И льстят. Но так как потребность, заставившая отыскивать в стогу идола, есть потребность эфемерная, так как идол очень скоро выдыхается, надоедает, делается нимало не забавным, то, после непродолжительного торжества, является какое-то страстное желание спустить его с лестницы, и с течением времени делается настолько настоятельным, что даже самые вероломные личности не могут долго выдержать, чтоб не поддаться искушению. И тогда поднимается общий гам, крик, ликование, вой. Можно себе представить, какую воспитательную школу проходит общество, на глазах у которого так естественно происходит вся эта процедура?

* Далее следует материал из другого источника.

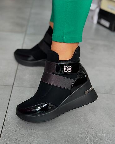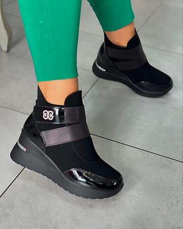 Ženske kožne gležnjače od brušene kože (antilop) u crnoj boji, sa dekorativnom srebrnom trakom sa spoljne strane i diskretnim sjajem na petnom delu. - Oblik: klasičan, zatvoreni vrh, visina iznad...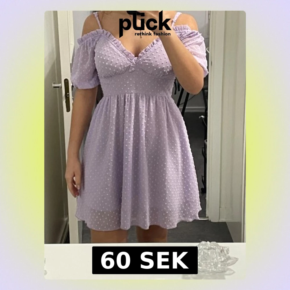 Superfin ljuslila kortklänning med prickigt mönster och offshoulder-ärmar.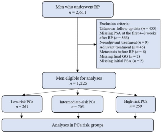 Between 2001 and 2019, 2611 men were treated by RP for clinically localized and locally advanced PCa at the Department of Urology of the Lithuanian University of Health Sciences. Patient data were registered in a PCa database. During the study period, RP was performed by 9 senior urologists. The exclusion criteria were as follows: no follow-up data, a patient did not have PSA measurement within the first 2 months after RP, neo- and adjuvant treatments, detected metastases before RP and incomplete clinical or pathological data. Patients were stratified according to undetectable PSA (PSA < 0.1 ng/mL) vs. persistent PSA (PSA ≥ 0.1 ng/mL) at the first measurement 4–8 weeks after RP. Furthermore, patients were divided according to the pathological PCa features into low-risk (pT2, GG1, PSA <10 ng/mL and Nx, pN0); intermediate-risk (pT3a, GG2–3, PSA 10–20 ng/mL and Nx, pN0) and high-risk (pT3b, GG4–5, PSA > 20 ng/mL and pN1) groups. Our study flowchart is presented in Figure 1. Tumor grading was classified using the revised 2005 International Society of Urologic Pathology (ISUP) Gleason score grading system and the suggested the new GG model after 2014 [16,17]. The university’s ethical committee approved the collection and analysis of the data.

Я уж не говорю о том, как все эти вероломства бесплодны, безнравственны, но, кроме того, они и беспричинны. Стоит ли вероломствовать, стоит ли торжествовать над каким-то выходцем, нечаянно пойманным в стогу? Я понимаю, что торжество человека партии, убеждения, знания, школы над человеком тоже партии, убеждения, знания и школы — должно быть лестно. В глазах восторжествовавшего это не просто личная его победа, но победа его дела, не столько плодотворная для него самого, сколько для общества. В такой победе понятно ликование и посторонних. Но ликование по поводу падения непомн<ящего> родства, на смену которому грядет другой непомнящий родства, — помилуйте! неужто это прилично?
Нет, это в высшей степени неприлично и даже просто постыдно. Постыдно не только участвовать в ликованиях, но даже быть свидетелем их. Потому что всякий очевидец, который не может протестовать или, по малой мере, бежать за тридевять земель от этого позорного зрелища, должен сознавать себя рабом.
Больнее, унизительнее этого сознания нет ничего на всем безграничном пространстве нравственного мира…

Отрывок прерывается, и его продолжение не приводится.